1. Hertzmann and Boyce argue that “it is not genes or environment, nor is it genes and environment, but rather it is gene-by-environment interactions that influence developmental trajectories.” To what extent do you think that GxE interactions can contribute to major disparities along racial/ethnic, socioeconomic, or geographic dimensions? Please consider this both in general and in respect to your particular area of interest.
It makes sense to me that gene-by-environment interactions influence developmental trajectories. Some specific examples come to mind. For inflammatory bowel disease, we know there is genetic predisposition for development of IBD. But then there is also evidence and anecdotal experience showing initial onset and flares may be related to stressors - including medications, infections, etc. However, this also includes life stressors anything from stressors at work, financial difficulty, loss of family/friend, really anything. Someone with a genetic predisposition for IBD who may be at higher risk for life stressors due to racial/ethnic, socioeconomic and/or geographic dimensions, may experience more severe disease, more frequent flares, and therefore overall poorer outcomes.
2. Discuss implications of epigenetic mechanisms of disease for intergenerational effects on health disparities, as well as for interventions designed to address health disparities.
In my specific area of interest, differences in outcomes of chronic liver disease for patients with different social determinants of health, there has been a gene identified with studies showing an association with worse outcomes for patients with non alcoholic fatty liver disease if the gene is present. This gene also happens to be more prevalent in Latino populations according to the literature. I worry that this gene is now being use to explain why patients who identify as Latino are having poorer outcomes, when in reality, it may be more often due to social determinants of health. As expected, not all liver patients undergo genetic testing, so many assumptions have to be made based on these findings in limited studies. Additionally, I can imagine that if genetic testing does become more common in hepatology, a Latino patient that tests negative for this gene may then be thought of as lower risk for poorer outcomes - the test would provide inappropriate reassurance. When in reality, despite not have the genetic risk factor, the patient may be at risk for poorer outcomes due to social determinants of health, which then may be ignored.

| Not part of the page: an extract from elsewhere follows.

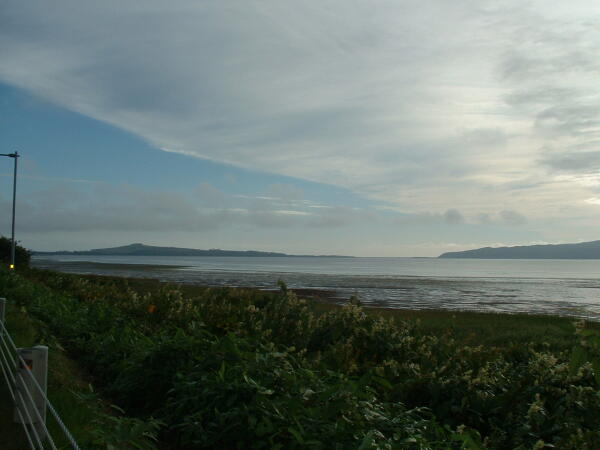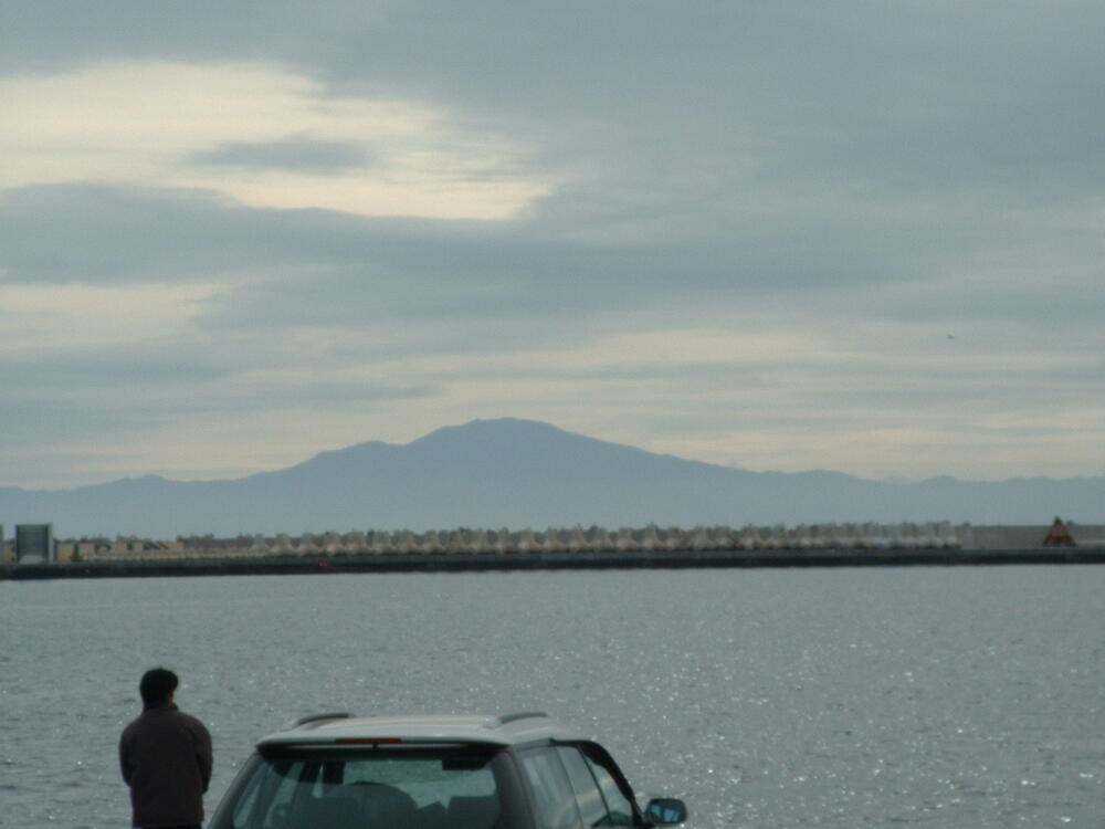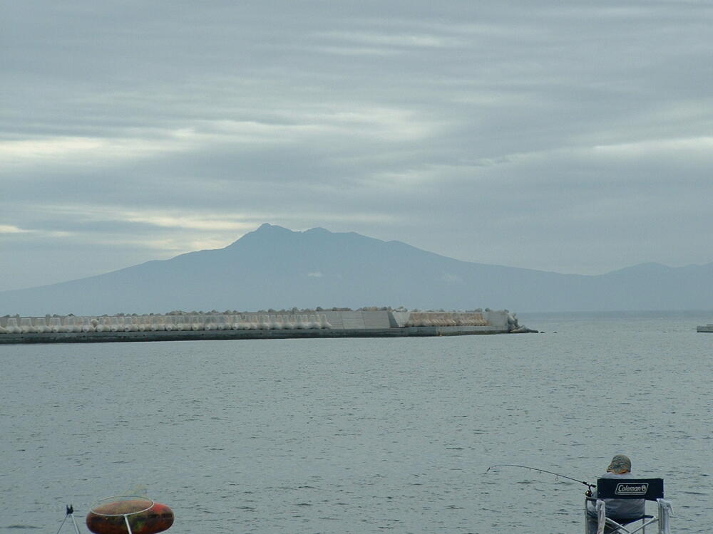 ◎斜里岳が望める、網走港の波止場に来て見た。すごし雲が掛っているが、天気予報は悪くない。とにかく、あの山から先が知床だ。

3. Discuss how the findings in the Robinette paper relate to socioecological model we are using in this course – e.g. briefly describe how the different levels displayed in this model are related to each other in this paper.
In the Robinette paper, they describe how allostatic load (the effect of increased stress on the performance of the body over time and its effect on health outcomes) is related to neighborhood income. The authors looked at different behaviors that may be related to allostatic load and the prevalence of these behaviors by neighborhood. Other variables examined were safety, neighborhood cohesion, and health behaviors based on neighborhood.